Dynamic Programming

Global pairwise alignments

Implement a Needleman Wunch sequence alignment, i.e. the dynamic programming of the following matrix:

S(0,j) = j*g
S(i,0) = i*g
S(i,j) = max(S(i-1,j-1) + d(a(i),b(j)), S(i-1,j) + g, S(i,j-1) + g)

Here g is a gap penalty, a and b the sequences we are aligning and d a scoring matrix defining the score for two amino acids matching each other. For the exercise, use a PAM250 as a score matrix. You will also need to implement a tracing matrix, to recover the path taken by the max operator for each cell in the dynamic programming matrix. A good strategy is to store the relative coordinates in each step, i.e. (-1,-1), (-1,0) or (0,-1) for the three possible steps.

Viterbi decoding of HMMs

The example is taken (and slightly modified) from Durbin et al. 1998.

Here are the estimated probabilities of emitting a certain base (in columns) given the last observed base (in rows) in a DNA sequence in a CpG island.

Model + A C G T
A .179 .273 .425 .120 .003
C .171 .367 .273 .187 .003
G .160 .338 .374 .125 .003
T .079 .354 .383 .181 .003

Similarly, here are the estimated probabilities of emitting a certain base given the last observed base in a DNA sequence in a non-CpG island.

Model – A C G T +
A .299 .205 .285 .210 .001
C .321 .298 .078 .302 .001
G .248 .246 .297 .208 .001
T .177 .239 .292 .291 .001

The transition probabilities between CpG and non-CpG are given in the +/- column, which should be interpreted as the probability of transitioning to any of the four bases of in the other submodel.

Make a dynamic programming decoder that can calculate the most probable path taken by a generic DNA sequence through the model in order to localize any CpG-island. Try out your algorithm with this stretch of DNA in fasta-format.

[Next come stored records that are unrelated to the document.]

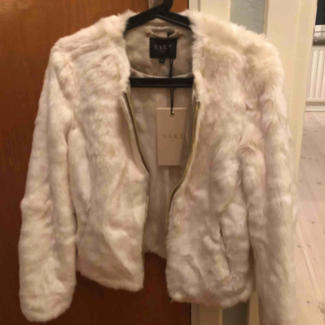 Vit superfin och mjuk fusk pälsjacka med guldig dragkedja. Aldrig använd då den tyvärr är lite för stor för mig. Storlek 36, nypris 1299kr, sälj för 400kr och då ingår frakt. Kan även mötas upp i Uppsala
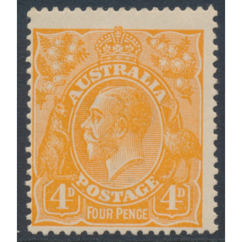 AUSTRALIA 1919 4d orange KGV Head, single watermark, mint hinged – no thins, tears or bends. BW(ACSC) Cat. # 110H SG Cat. # 22d
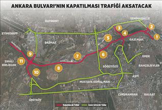 Melih Gökçek, harita üzerinde kapatılacak yerler hakkında bilgi verdi.
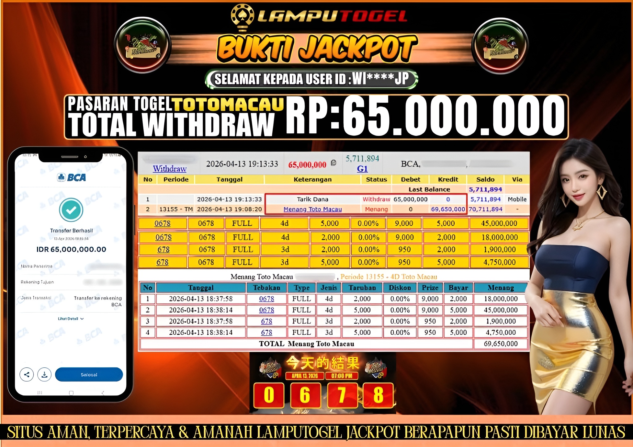 Bukti Pembayaran Lamputogel 13 April 2026 – Selamat kepada WI****JP yang berhasil meraih kemenangan di pasaran TOTO MACAU 4D sebesar Rp.65.000.000,– atau Enam puluh lima juta ribu rupiah ! Berikut ini terlampir bukti JP Lamputogel.
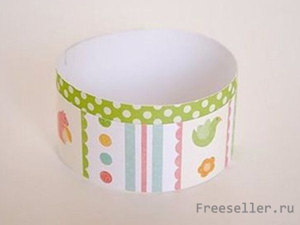 2) Скрутите контрастную бумагу в кружочек и склейте концы по стыку. Узорчатую полоску наклейте поверх предыдущей так, чтобы краюшек контрастной бумаги немного выглядывал. Помните о том, что диаметр такого двойного круга из полосок бумаги должен равняться диаметру манжетки для кексов большого размера.
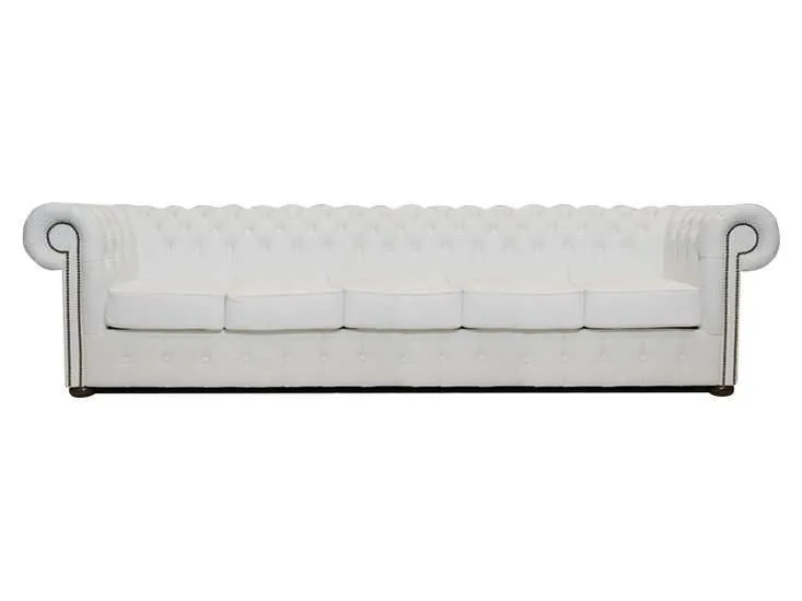 Chesterfield 5-sjedišta sofa Class leather White Ruka majstora u ovom Chesterfield kauču od goveđe kože jasno je prepoznatljiva po lijepo završenim detaljima, poput zakovica i tapeciranih rukohvata i naslona. Jedan od najvažnijih materijala prilikom proizvodnje dobrog Chesterfielda je koža. Chesterfield namještaj izrađuje se ručno od visokokvalitetne poluanilinske kože, koja se zatim lakira. Okvir je napravljen od bukovine, koja je zalijepljena i vijčana. Duga tradicija zanatskog umijeća vidljiva je kroz udobnost i izgled ovog Chesterfielda. Model ‘Klasa’ Chesterfield je model koji svi poznajemo kao pravi Chesterfield. Ovaj Chesterfield model dostupan je samo u goveđoj koži i dostupan je kao Klasa i Prva Klasa. Certifikat autentičnosti i premijum garancija pružaju se standardno uz kupnju svakog komada namještaja. Tehnički podaci
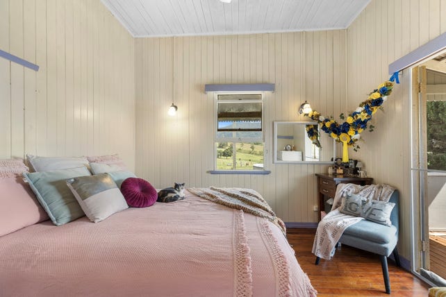 The main home on this property is a charming Queenslander featuring 3 bedrooms, one bathroom and open plan living area that offers expansive views over the property.
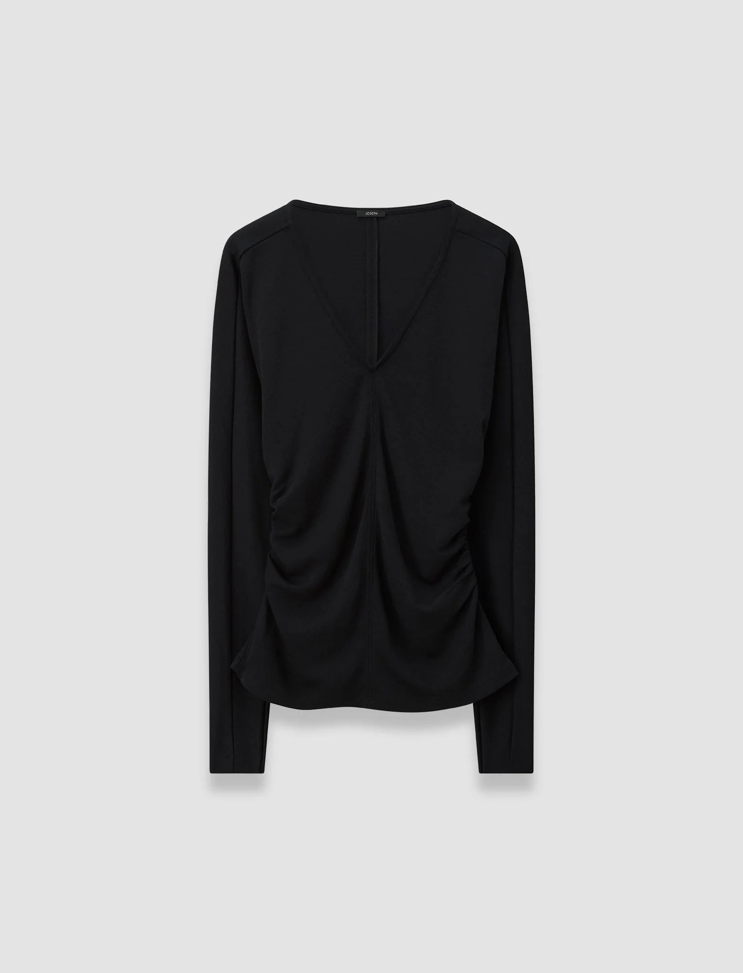 The Wool Jersey V Neck Top is a slim fit style, crafted from a wool blend. This top has a soft hand feel and features ruched sides for an elegant look. Model wears size S Details - Designed for a slim fit - Ruched sides and cuffs - Product code: jf0093390010 Care & Materials - 80% Polyester 20% Wool - Delicate machine wash at 30 degrees - Wash inside out - Do not bleach - Do not tumble dry - Iron low temperature setting - Do not dry clean - Wash with similar colours
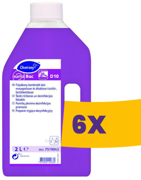 Fertőtlenítő hatású tisztítószer A Suma Bac D10 tisztító-, fertőtlenítő hatású (kombinált) koncentrált vegyszer, mely alkalmas valamennyi élelmiszerrel érintkező felület tisztító fertőtlenítésére. A Suma Bac D10 folyékony fertőtlenítő tisztítószer koncentrátum, amely a felületet egy lépésben tisztítja és fertőtleníti. A termék alkalmas valamennyi élelmisze
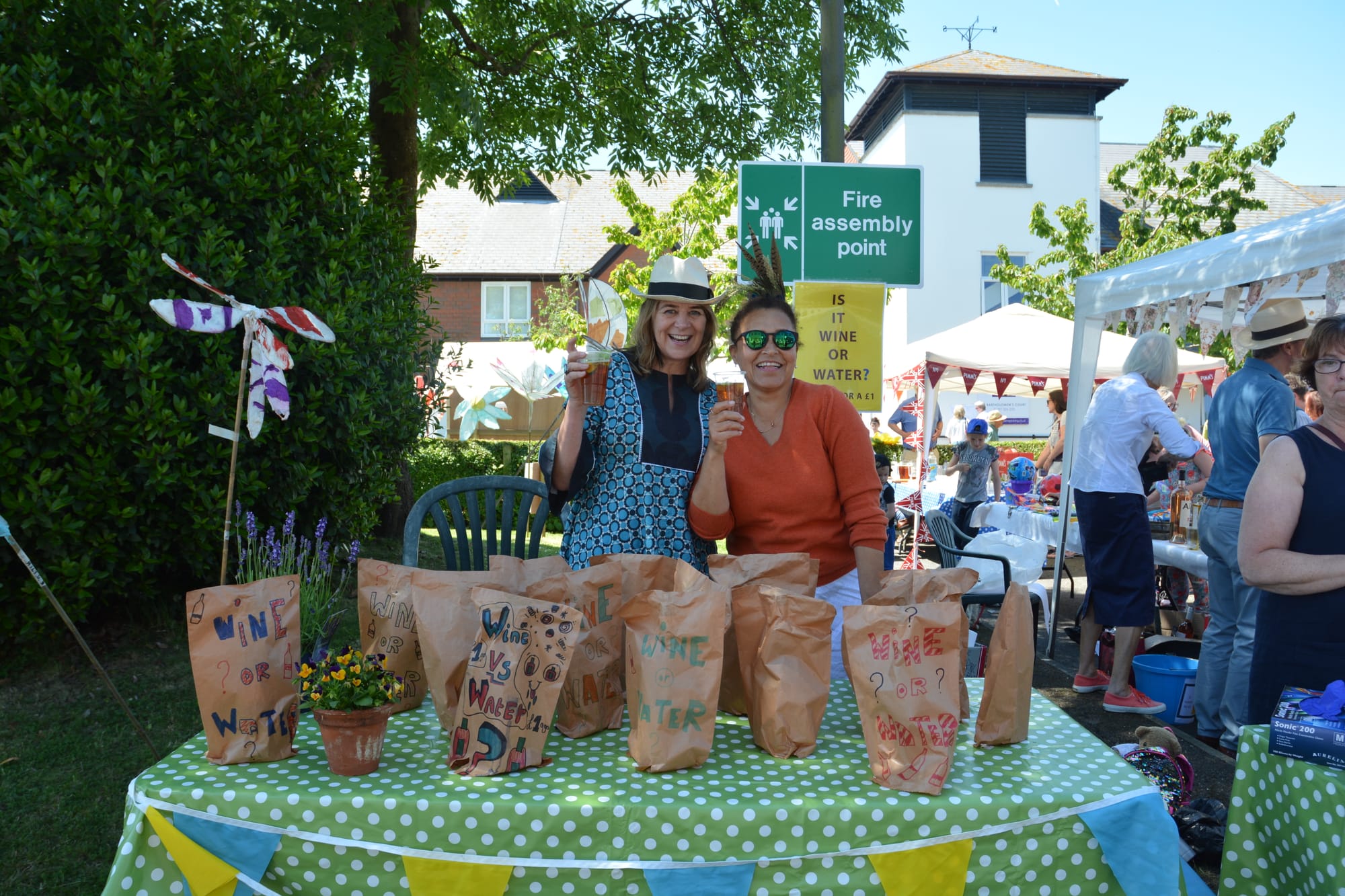 Elsewhere, many happy people wandered around, trying their hand at the Wine or Water stall with shrieks of delight when they choose a bottle full of wine rather than water, the tombola was incredibly busy, and the sweet hoopla, tin can alley and sand cup game didn’t stop all afternoon with children trying to hoop a jar of sweets or knock down the tins to win bubble wands or water pistols. The colourful plant stall was a great attraction, as was the jewellery stall. Both raised significant amounts of money. A big thank you to all the volunteers who ran these stalls.
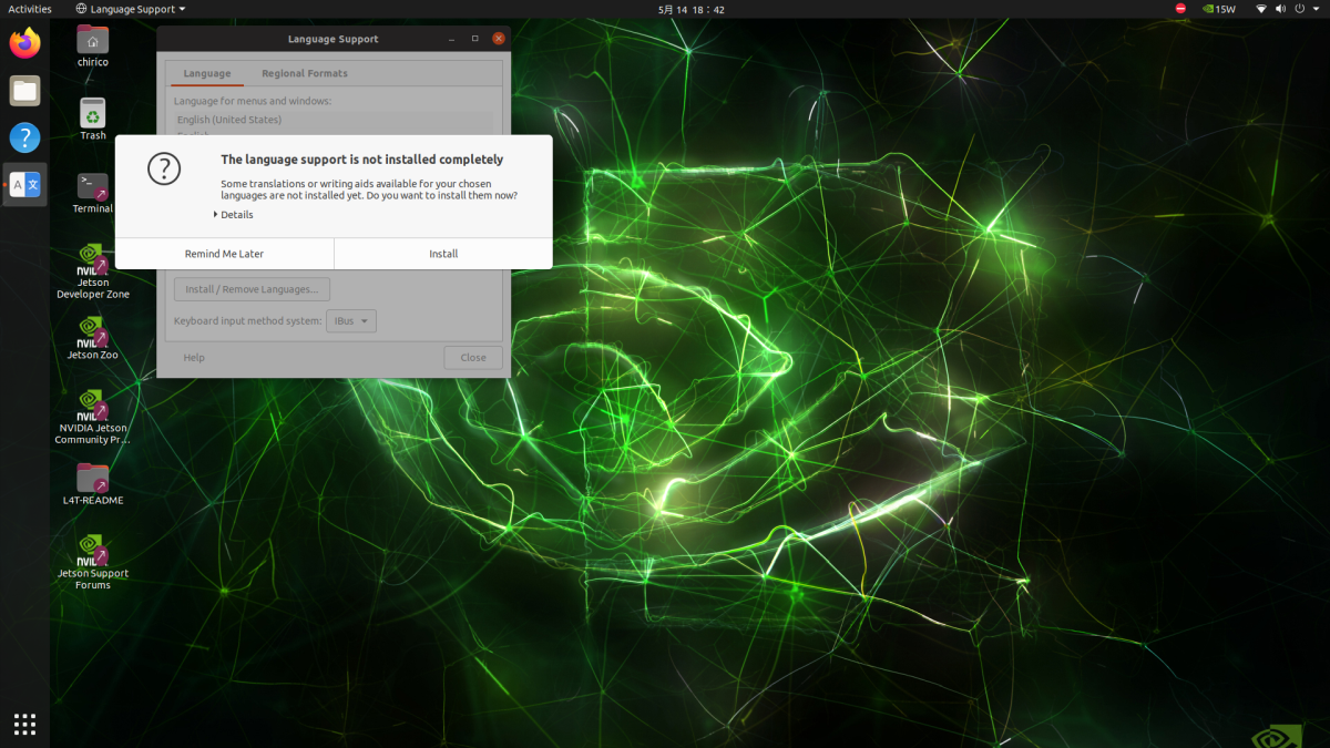 「言語サポート」ウインドウが表示され、「The language supoort is not installed completely (言語サポートが完全にはインストールされていません)」ウインドウが表示されます。
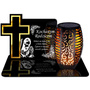 ZNICZ SOLARNY LED PREMIUM XL z złotym zdobieniem - wieczny znicz z wbudowanym czujnikiem zmierzchu i WKŁADEM Z EFEKTEM PŁOMIENIA
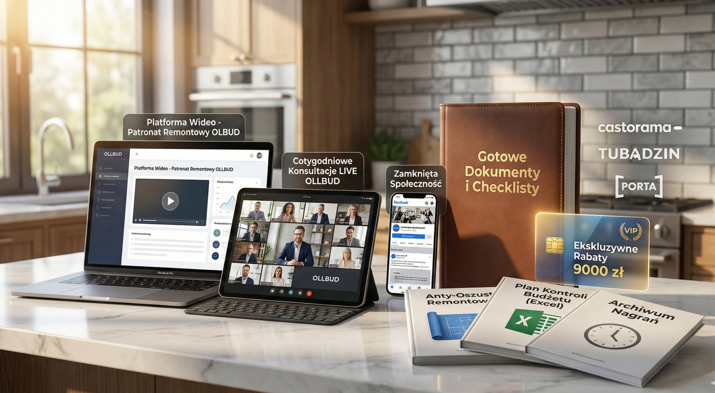 Przestań dryfować przez remontowy chaos i stań się Świadomym Inwestorem. Ten System Operacyjny chroni Cię przed stratą od 20 000 do 60 000 zł, której doświadcza 90% osób wykańczających mieszkanie lub dom. Nie sprzedajemy kursu – sprzedajemy spokój, kontrolę oraz opiekę nad Twoimi pieniędzmi i decyzjami. Dzięki unikalnym rabatom u naszych partnerów (m.in. Castorama, Tubądzin, Porta), program spłaca się sam jeszcze w trakcie trwania prac
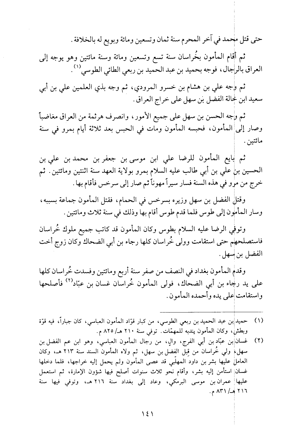 ثم أقام المأمون بخراسان سنة تسع وتسعين ومائة وسنة مائتين وهو يوجه إلى العراق بالرجال، فوجه بحميد بن عبد الحميد بن ربعي الطائي الطوسي «1» .
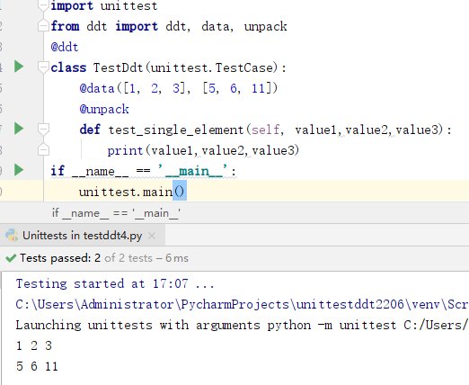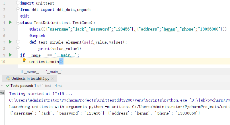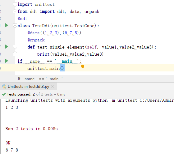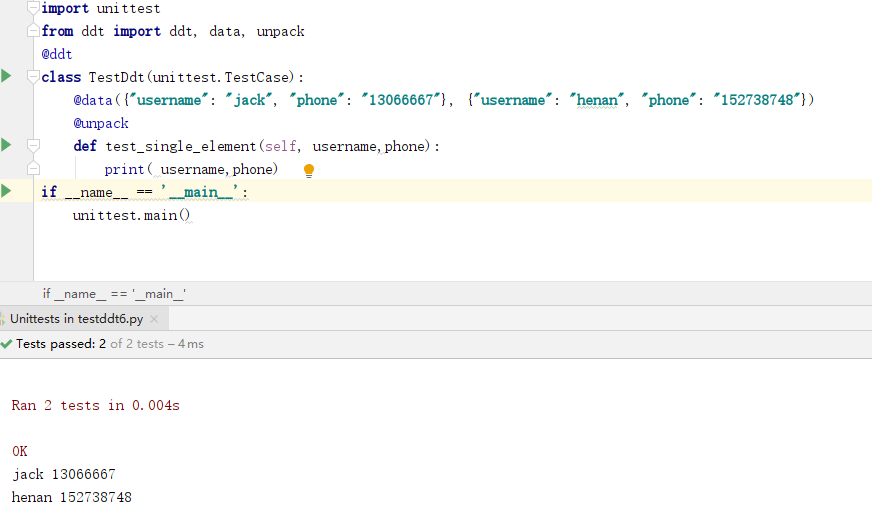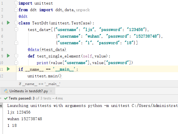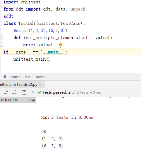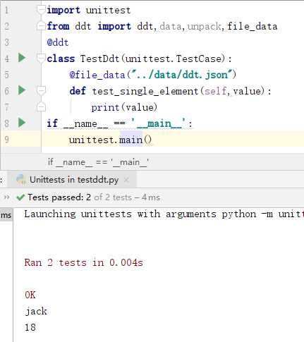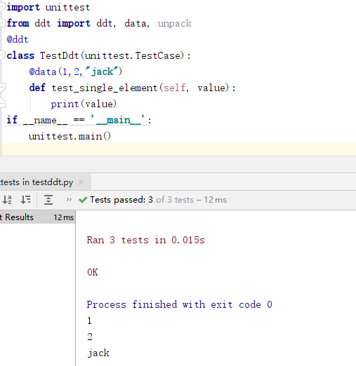 代码中@data(1,2,“jack”)传入了三个元素,故ddt自动生成了3个测试用用例。分别打印传入的数据
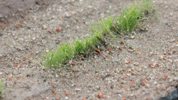 Den oberen Weg habe ich nochmal mit feinerem Material abgestreut und dabei die Grasbüschel etwas "versenkt".
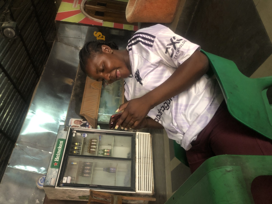 - "An indoor scene in Jos, Nigeria, features a young Black female seated at a green plastic table, facing slightly right and looking down at a smartphone held in both hands" by FM-EUvcD2, licensed under CC BY 4.0
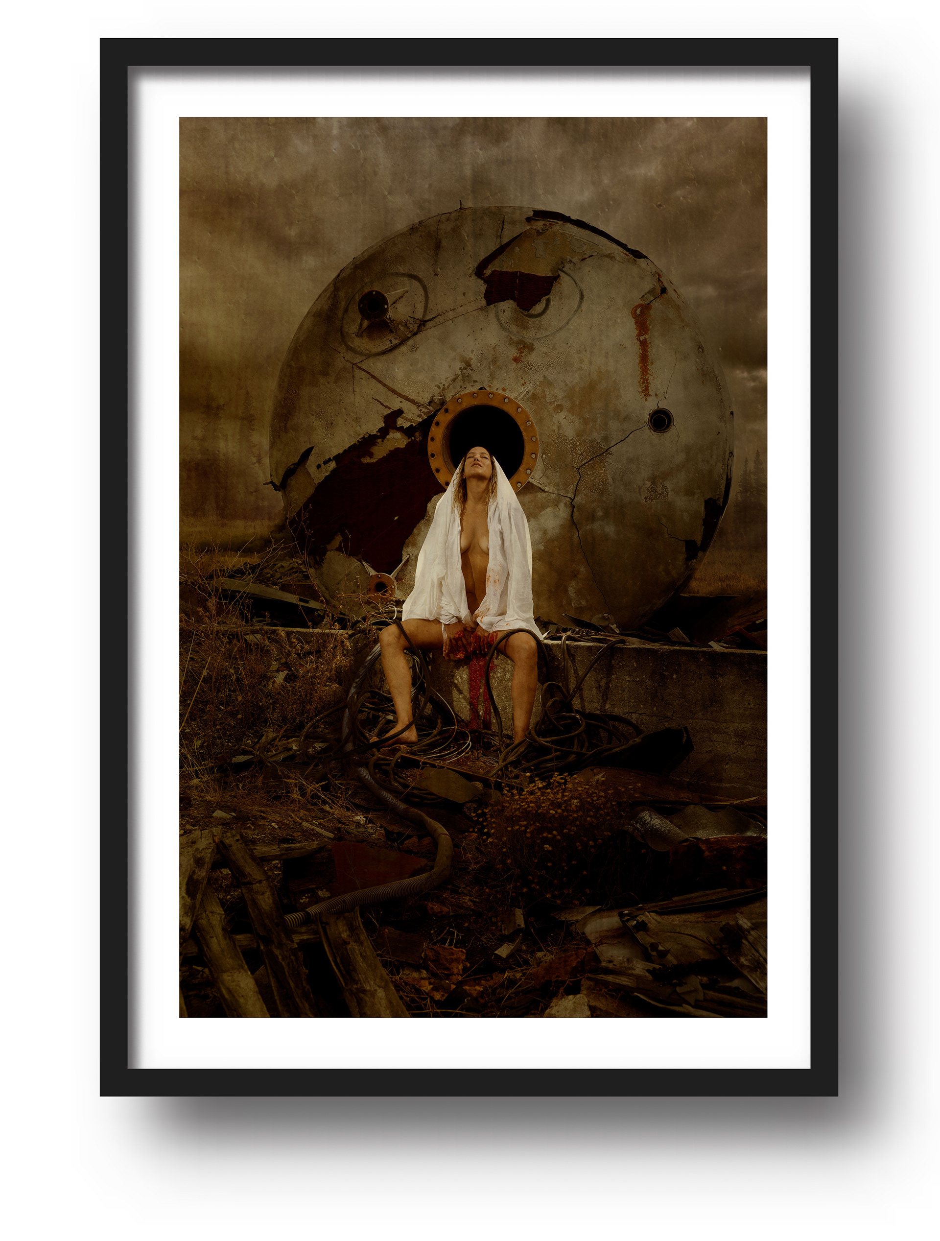 This work challenges us to reflect on how many wars have religion as their origin, set in a chaotic and apocalyptic scenario. In this powerful piece, a woman finds herself aborting the next god, alone in a world without hope. She rejects gods that symbolize war, yearning for a future where divinity and destruction do not coexist.
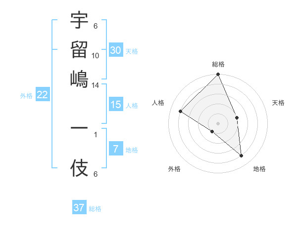 宇留嶋 一伎さんを姓名の画数から五運を鑑定

Mass distribution of Proteins

Example taken from Rosalind.

Implement a function that can calculate the number of possible proteins (permutations of amino acids) with a certain integer mass (e.g. 5000 Da) using dynamic programming. For the purpose of the exercise, assume that the weights of the 20 standard amino acids in Dalton are:

aa = {'A':71,
'R': 156,
'N': 114,
'D': 115,
'C': 103,
'E': 129,
'Q': 128,
'G': 57,
'H': 137,
'I': 113,
'L': 113,
'K': 128,
'M': 131,
'F': 147,
'P': 97,
'S': 87,
'T': 101,
'W': 186,
'Y': 163,
'V': 99}

Tip: If you know the number of amino acid sequences with masses up to the current mass -1, you can calculate the number of amino acid sequences reaching the current mass by adding up all the sequences differating in mass by the mass of any of the amino acids.
(*) Which range of masses do you really need to keep in memory for performing this exercise? Could you implement the same function with a lower range in mind? Try to explore a function that can, even more quickly and memory efficiently, calculate the number of amino acid sequences of a certain mass.